Example 10. Preparation of Ternary Polyelectrolyte Complexes with Human Insulin and a Surfactant
[0216] Immunoglobulin A (also referred to as IgA) is an antibody that plays a crucial role in the immune function of mucous membranes. Made from 2 identical heavy (H) and 2 identical light (L) chains, its molecular weight is of 140 kDa. Ternary polyelectrolyte complexes made from IgGA, an ionic polymer referred to as DA002 and surfactant, namely sodium dodecyl sulphate (SDS) were prepared. To a sodium phosphate buffer medium, 333 μL of IgGA solution (6 mg/mL) and 125 μL or 375 μL of SDS (20 mg/ml) were added. Five minutes after addition of SDS, the formation of PAEC was formed by the rapid addition of 1000 μl of the ionic polymer DA002 (10 Mg/Ml).

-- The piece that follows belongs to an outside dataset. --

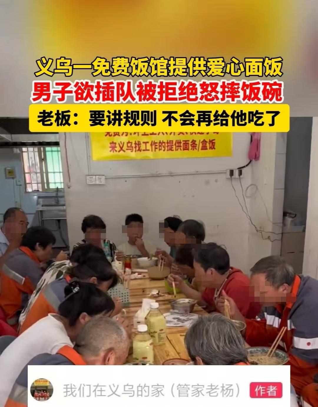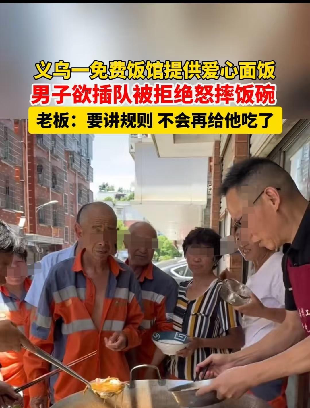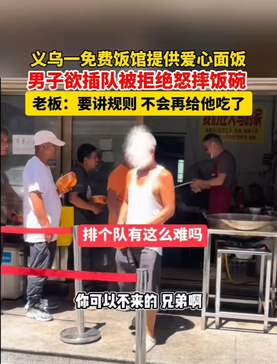 浙江,老板给大家提供免费的盒饭,他让大家排好队,不能插队。结果,一名中年男子不听,硬是插到了队伍的最前面。老板不给他打餐,他就呆在那里不走。老板接过后面人的碗,为别人打了餐,男子就把盒饭重重地摔到过道,头也不回地走了。老板不生气,只是大声地告诉他:“以后也不要来了,来了也不会给你,性质都变了。” 搜狐网9月10日报道,张老板在义乌开了一家免费的餐厅,专门为外卖小哥、快递小哥、环卫工人,还有来当地找工作的困难人士提供帮助。 只要一到饭点,张老板就拿出几个安全警示桩,再把红布条一拉,让来的顾客都按照前后顺序排好队,并叮嘱大家不要插队。 他觉得自己虽然是爱心餐厅,但规章制度还是要有的,不然大家一拥而上,影响打饭的时间,而且如果发生了踩踏也不好,到时候好事没有做成,还变成了坏事。 大家都理解张老板,都自觉地排好了队,手上有人拿的是饭盒,有人拿的是陶瓷碗,都是各自提前备足碗筷,等着张老板给他们打饭,或者打面条。 张老板知道来的人多,想吃的花样也多,因此,每天并不只是有米饭,还有面条,以及炒菜、凉拌菜之类的。 排队到了最前面的时候,张老板就会根据本人的需求,给他们打面条还是打米饭,任由他们自己选。 来的人都很感激张老板,觉得这里特别温馨,就像自家人一样。大家每次拿到盒饭后,就会到里面的长桌上用餐,有说有笑的,还希望张老板长命百岁。 张老板每次听到这些话后,都只是淡淡地笑一下,让大家好好吃饭,多吃一点。 以前他也在外地打过工、上过班,在陌生的城市无依无靠,就想着能不能遇到一个好心人帮帮自己。 他曾经淋过雨,所以就不想让和自己有同样经历的人再淋雨。他帮不了什么大忙,至少可以给他们一口热乎的饭、一句温暖的问候。 这时,有一位穿着拖鞋、套着白色背心的中年男子,从后面就挤到了最前面。张老板提醒他到后面重新排队。 中年男子没有听,还是把碗递给了张老板。张老板没有给他打饭,而是接过他后面人的饭盒,为别人打了饭。 男子还是没有动,就在那里一直把饭盒递到最前面,想让张老板给他饭菜。 张老板又告诉他:“你得到后面去排队,早就说过不要插队,这样不公平。” 男子知道在这里站多久,张老板也不会给他打饭菜,就直接举起饭盒重重地摔到了过道上,气呼呼地转身离开了。 周围的人都“啊”了一声,感觉太不可思议了:既不排队,还把别人的饭盒摔坏,这是什么人呀? 张老板并没有不高兴,只是大声对着男子说:“你可以不来,但来了要守规矩,不守规矩,以后就别来了。” 张老板也表示,该男子以后来了也不会给他饭了,因为性质不一样。也不是自己做的事情有多么伟大,只是想让大家都公平一点。 那么,张老板这样的做法到底对不对呢? 一、张老板为需要帮助的人提供免费的盒饭,值得表扬 《慈善法》第八条、第十条:慈善组织依法登记,开展慈善活动应当遵守法律法规,遵循合法、自愿、诚信、非营利的原则,不得违背社会公德,不得危害国家安全、损害社会公共利益和他人合法权益。 张老板为大家提供免费的盒饭,属于做慈善,他没有收取一分一厘,纯粹是想为有困难的人提供帮助,为这样乐于助人的人点赞! 二、中年男子插队不成,就把饭盒扔到地上,对张老板的付出视而不见,还破坏财物,应该批评 《治安管理处罚法》第二十三条:扰乱机关、团体、企业、事业单位秩序,致使工作、生产、营业、医疗、教学、科研不能正常进行,尚未造成严重损失的,处警告或者二百元以下罚款;情节较重的,处五日以上十日以下拘留,可以并处五百元以下罚款。 中年男子不想排队,一来就想获得盒饭,这种只顾自己利益、损害他人利益的行为,严重扰乱了餐厅秩序,可依法给予警告。 那么,对于中年男子的行为,大家怎么看?文中人物均为化名,素材来源于搜狐网,9月10日报道。

Example 11. Heparin coating of a binary polyelectrolyte complexes made from human albumin
[0217] Surface modification of drug carriers, such as liposomes, polymeric nanoparticles has been reported to reduce their clearance and promote their cellular uptake. Heparin, a hydrophilic polysaccharide is able to provide a steric barrier but can also promote cellular internalisation of the nanovehicles. Accordingly, heparin has been adsorbed to the surface of binary polyelectrolyte complexes made from human albumin and from PDMAEMA having a Mw of 10 kDa, 20 kDa, or 90 kDa whose preparation has been disclosed in Example 9. 10 mg of these PAECs have been dissolved in 16 mL of a phosphate medium buffered at pH 7.4. After 1 h of dissolution carried out at room temperature, a solution of heparin from porcine origin has been added to the PAEC solution in order to achieve a final concentration of heparin between 0.0005 wt/vol % and 0.05 wt/vol %. One hour after equilibration, the formulations have been filtrated on 0.2 μm filter, freeze-dried and resuspended in water.

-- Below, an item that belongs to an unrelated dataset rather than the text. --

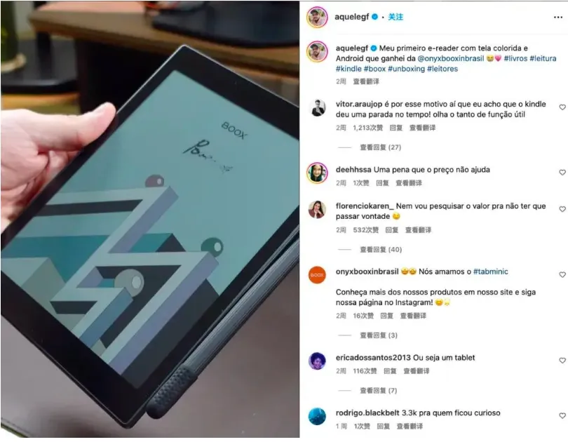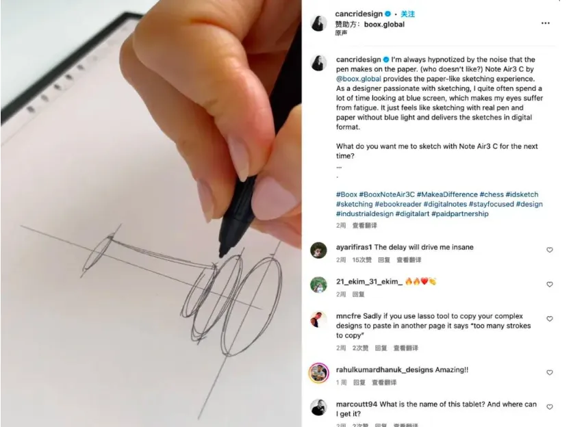 该品牌在海外市场份额的持续增长,得益于将产品应用场景从单纯的“读”扩展到了“写、画、改、传输”等多应用场景。同时,结合了海外红人营销助力,成功破圈,成为海外热门的电子纸品牌。

[0218] Summary of Characteristics
[0219] The examples have shown the following characteristics: [0220] rapid kinetics of PAEC formation (30 min); [0221] the mean size of the PAEC can be from 150-500 nm; [0222] the maximum loading capacity of the at least one proteinaceous agent can be in the range of up to 250 μg/mL for P24 and 80 μg/mL of CpG, but can be raised until 2 mg/mL in the case of human insulin; [0223] the PAEC are stable in vitro at 4° C. for at least 2 weeks; [0224] the proteinaceous agent-containing PAEC are resistant to at least one freeze-thawing cycle and to a drying process, such as lyophilisation or spray-drying; [0225] the release rate of the proteinaceous agent(s) may be a function of the temperature and is significantly enhanced around the body temperature. [0226] an anionic surfactant can be largely associated to the PAEC (more than 97.5 wt %) through physically association, mainly internalized. The presence of a surfactant with amphiphilic properties could facilitate the diffusion of the PAEC through biological barriers by acting as a permeation enhancer; [0227] an optional surfactant may be amphiphilic with an adapted Hydrophilic/Lipophilic Balance to promote the nucleation of PAEC formation. Sodium dodecyl sulphate has proved to be convenient for the nanoencapsulation of human insulin and P24/CpG. Other amphiphilic compounds have proved to be also successful, including non-ionic amphiphilic compounds; [0228] the PAEC have a positive Zeta potential which can be adjusted to some extent by adjusting the content of the anionic excipient; [0229] the conformation state of the immobilized biopharmaceutic drug within the PAEC is not affected; [0230] the PAEC are cytocompatible and hemocompatible; and [0231] the PAEC can be loaded within gastroprotective microparticles.